## [Information given]

"""

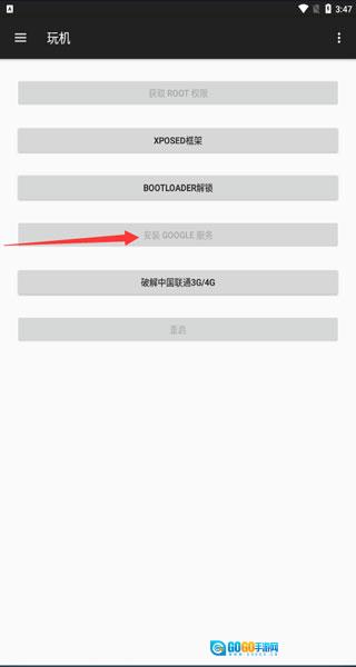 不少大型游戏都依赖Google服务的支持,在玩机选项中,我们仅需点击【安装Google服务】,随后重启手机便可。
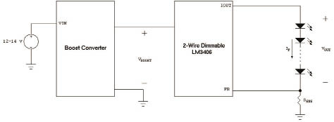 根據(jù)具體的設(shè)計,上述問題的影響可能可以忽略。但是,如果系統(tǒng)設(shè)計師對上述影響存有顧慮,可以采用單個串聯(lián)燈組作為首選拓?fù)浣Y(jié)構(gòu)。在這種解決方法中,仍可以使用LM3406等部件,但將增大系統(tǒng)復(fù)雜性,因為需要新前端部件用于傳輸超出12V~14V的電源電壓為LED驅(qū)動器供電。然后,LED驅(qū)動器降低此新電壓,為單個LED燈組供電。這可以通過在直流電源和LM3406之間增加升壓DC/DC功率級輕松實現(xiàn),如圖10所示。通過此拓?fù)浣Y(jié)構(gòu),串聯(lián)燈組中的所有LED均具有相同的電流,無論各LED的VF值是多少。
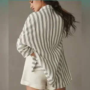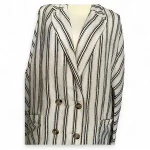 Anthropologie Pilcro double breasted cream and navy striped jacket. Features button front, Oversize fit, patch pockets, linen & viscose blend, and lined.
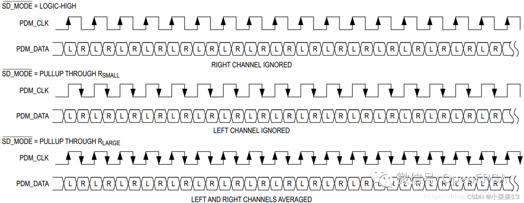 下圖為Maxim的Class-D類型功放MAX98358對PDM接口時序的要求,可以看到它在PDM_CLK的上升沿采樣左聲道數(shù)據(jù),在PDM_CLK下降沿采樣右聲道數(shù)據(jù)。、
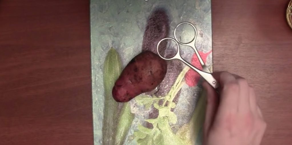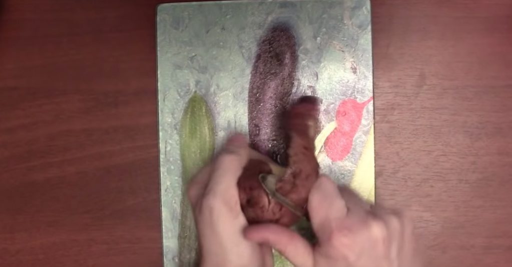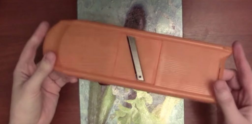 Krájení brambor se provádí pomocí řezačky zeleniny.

"""
"""

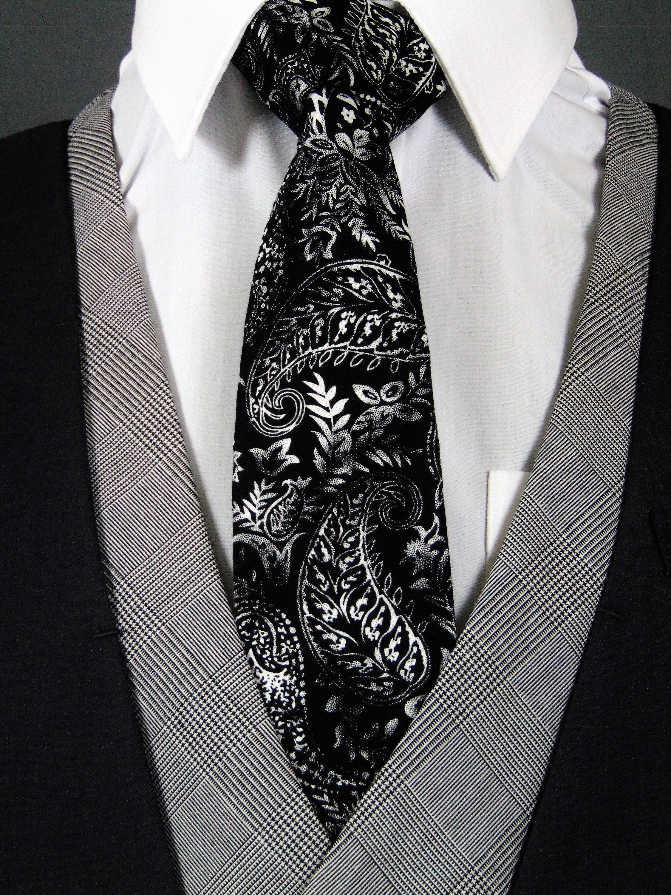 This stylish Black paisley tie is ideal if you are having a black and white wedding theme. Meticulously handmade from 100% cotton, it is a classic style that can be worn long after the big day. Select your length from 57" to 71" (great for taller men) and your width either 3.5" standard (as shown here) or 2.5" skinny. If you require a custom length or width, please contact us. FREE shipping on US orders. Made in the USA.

"""

## [Work order]
Only the lines above from the one containing "下圖為Maxim的Class" through the one containing "Krájení brambor se" should be returned, verbatim and inclusive, with pictures excluded.

## [Answer space]
 下圖為Maxim的Class-D類型功放MAX98358對PDM接口時序的要求,可以看到它在PDM_CLK的上升沿采樣左聲道數(shù)據(jù),在PDM_CLK下降沿采樣右聲道數(shù)據(jù)。、
 Krájení brambor se provádí pomocí řezačky zeleniny.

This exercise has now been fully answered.